Last night I found a pigeon standing infront of my building door. After inspecting him I found that he couldnt fly. I picked him up and took him inside my unit as i couldnt leave it out in the cold. The bird looks healthy in terms of feathers, eats and walks fine. The right wing is not sittting well. so I suspect it has something wrong with it. I live in Coogee,, Sydney Australia. I have rescued injured pigeons before and made the mistake to take it to the vet. but they are only going to put it down. Wires, RSPCA and other bird rehabilitation organisations wont touch the pigeons because they are not wild birds. If I could get some advise on what to do with it. I dont have the time to spend with him unfortunately. but I do want to see it get help and cured. Perhaps if anyone knows about someone who will take him in and help with the wing or coach me into aiding heal the wing, so that I can then release him back out that would be great! Many thanks.


----------



## Dima (Jan 15, 2011)

Welcome to PT.
Is his wing dragging? Lower than the other. If its recently broken , it can heal in few weeks.
Can you post a pic.? There are a few areas where usually the bones broken. i hope it's not from the back. 

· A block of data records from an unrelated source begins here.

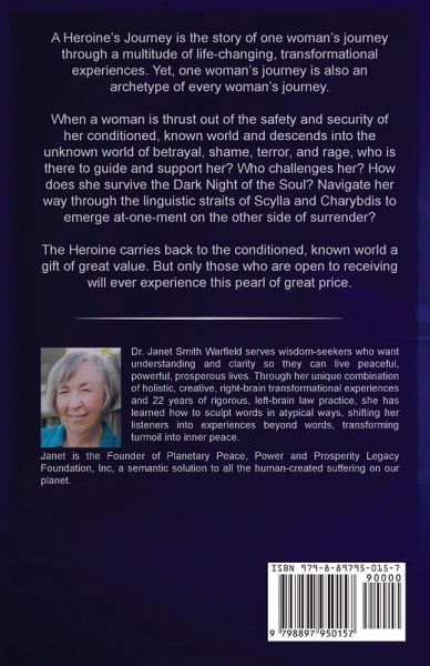 A Heroine's Journey is the story of one woman's journey through a multitude of life-changing, transformational experiences. Yet, one woman's journey is also an archetype of every woman's journey. When a woman is thrust out of the safety and security of her conditioned, known world and descends into the unknown world of betrayal, shame, terror, and rage, who is there to guide and support her? Who challenges her? How does she survive the Dark Night of the Soul? Navigate her way through the linguistic straits of Scylla and Charybdis to emerge at one-ment on the other side of surrender? The Heroine carries back to the conditioned, known world a gift of great value. But only those who are open to receiving will ever experience this pearl of great price.
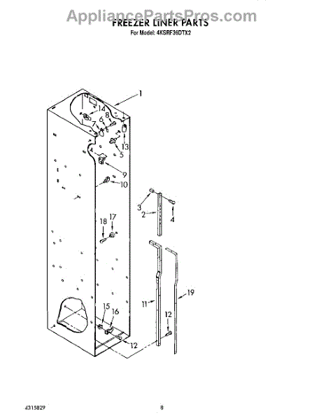 This screw is used to secure the handle end cap to the center of the door. The screw size measures 8-18 x 1/2 inches.
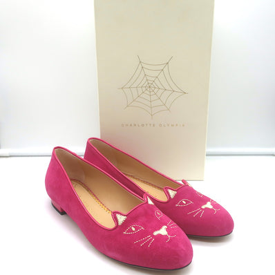 Charlotte Olympia Kitty Ballet Flats Fuchsia Suede Size 38 NEW
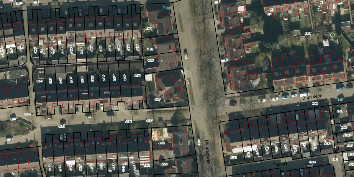 Het perceel waarop Diamantweg 44 staat heeft een oppervlakte van 468 m². Dit is een groot perceel. De perceeloppervlakte wordt geregistreerd door het Kadaster. Gedetailleerde informatie over de maten van dit perceel kunt u vinden in het rapport Kadastrale kaart met maatvoering van Diamantweg 44.
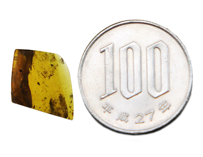 こちらはミャンマー産の非常に古い琥珀、バーマイトです。かつての国名であるビルマにちなんでビルマイトまたはバーマイトと呼ばれています。中には、古代の昆虫が保存されています。これらの昆虫は古生代デボン紀に初めて現れて以来、その姿をほとんど変えることなく現在に至るまで生命をつないでいます。

I wonder why in Australia pigeons are not considered wild. What are they? Pets? So sad. But most of organisation here in Canada don't care about pigeons. they take them in but they will not update you or they will tell you they were released ( they euthanize them).


----------



## lanellcheek (Nov 3, 2012)

I am in the same situation with a ring neck dove that I rescued yesterday in the Dallas, Texas area so am very interested in hearing what to do.


----------



## Dima (Jan 15, 2011)

Forgot to mention, You have to take the pigeon in your lap and feel the joints by touching and comparing with the joints of the healthy wing..


----------



## Grimaldy (Feb 25, 2007)

In general, a bird with a broken, or badly sprained wing joint, will drag that wing much lower than the other wing when it walks around. Often dragging it right on the ground.
Wing fractures are tricky because they will heal but there is often a lot of nerve damage that happens that prevents the bird from using the wing for flight at all. First make certain there are no protruding bones. These are a true medical emergency because the fracture is open to infection among other problems. If there are no protruding wing bones just tape the wing tips together over the bird's back so that the stronger wing supports the injured wing as a splint. The so-called "figure 8" wing taping often results in nerve damage to the wing and is no longer used. If you can give 5mg of Ibuprofen for pain control, but be aware if there is any internal bleeding, Ibuprofen or any other NSPR will induce bleeding and you may kill your bird. Do not fool with splints or wing bandaging. After two weeks the wing will heal for what it is worth and the tape can be removed. Meanwhile keep the bird warm, safe and in a cage or lighted box.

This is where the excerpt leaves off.